# [TASK TO COMPLETE]
In the copy, every line of the material that follows must appear exactly, and no pictures should.
··· RECORDED INFORMATION ···
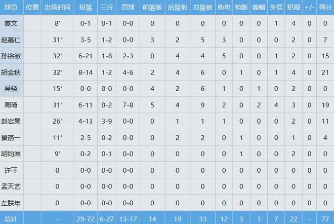 周琦+胡金秋,合砍40分15板都于事无补,孙铭徽(投篮21中6)为首的外线群把篮筐砸烂,全队三分球27中6,命中率低至可怜的约22%。
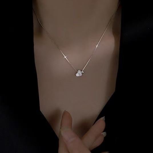 New Double Love-Shaped Necklace for Women with Sparkling Diamonds, Light Luxury, Simple, with Diamonds, Sweet and Niche Clavicle Chain for Girlfriend Wholesale
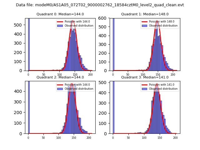 Red curve is a Poisson curve with rate = median count rate of data. |
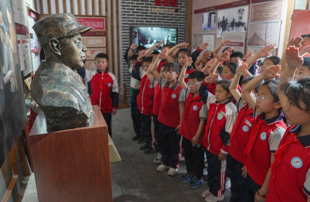 2日、河南省駐馬店市の楊靖宇将軍紀念館で行われた烈士を追悼する活動。(駐馬店=新華社配信/弓華静)
···
# [TASK RESPONSE]
 周琦+胡金秋,合砍40分15板都于事无补,孙铭徽(投篮21中6)为首的外线群把篮筐砸烂,全队三分球27中6,命中率低至可怜的约22%。
 New Double Love-Shaped Necklace for Women with Sparkling Diamonds, Light Luxury, Simple, with Diamonds, Sweet and Niche Clavicle Chain for Girlfriend Wholesale
 Red curve is a Poisson curve with rate = median count rate of data. |
 2日、河南省駐馬店市の楊靖宇将軍紀念館で行われた烈士を追悼する活動。(駐馬店=新華社配信/弓華静)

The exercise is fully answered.